The general ideal-fluid energy-momentum tensor tensor is
$$T^{\mu \nu}=(\epsilon+P) u^{\mu} u^{\nu}-g^{\mu \nu} P.$$
I use the convention, where $u_{\mu} u^{\mu}=1$. $\epsilon$ is the proper energy density and $P$ the pressure.

Unfortunately many of your formulae are very hard to read, let alone the code. Attached you find a Mathematica notebook as pdf (I've no clue, how to upload the Mathematica nb file itself). with the corresponding calculation with Robertson-Walker metric.

 

[Ibix]

I've no clue, how to upload the Mathematica nb file itself

Do you have a zip utility (WinZip etc)?

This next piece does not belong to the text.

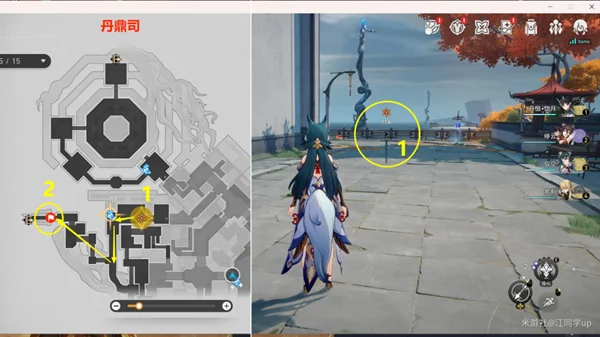 (2)然后来到【丹鼎司】下图位置,跟着1任务点的【剑】去2任务点打完【彦卿】
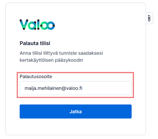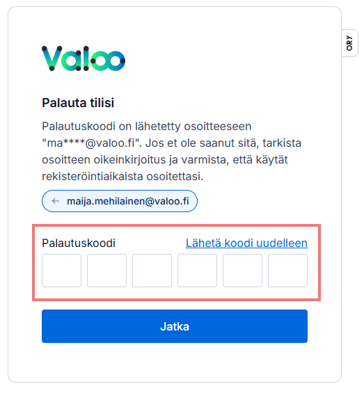 3. Muutaman minuutin päästä saat palautuskoodin sähköpostiisi. Syötä palautuskoodi kenttään ja paina "Jatka".

Zip files can be uploaded.

 

[vanhees71]

Do you have a zip utility (WinZip etc)? Zip files can be uploaded.

Good idea. So here it is.

 

[rolling stone]

to Vahnees71

I just wanted to deduce the Friedmann equations keeping track of the “c” term, i.e. without setting equal to one the velocity of light.
I never understood the utility of the natural units. By natural units it is not possible to appreciate, for instance, the difference in the 4-velocity $u^{i}$ of a perfect fluid at rest in a LIF (where $u^{i}$ = [ c, 0, 0, 0 ] ) and in the FWR frame ( where $u^{i}$= [ 1, 0, 0, 0 ] ).

About the computing app to solve the Einstein equations, Maxima has the advantage (meiner Meinung nach) of being open source with GR dedicated tensor tools.

 

[vanhees71]

I don't know maxima. Obviously it works well. If I understand your first posting right, it looks very similar to what Mathematica gives, so it should be fine.

The merit of natural units is that I don't have to keep track of these ennoying conversion factors $c$. It's like in the US, where you measure distances in miles and heights in feet as if these lengths should be measured in different units.

Anyway, it's convenient to define $u_{\mu}$ as dimensionless, i.e., as $u^{\mu}=(1,0,0,0)$ in the local rest frame, because usually you need it in relativistic fluid dynamics in terms of a projector to invariant temporal and spatial components of vectors and tensors.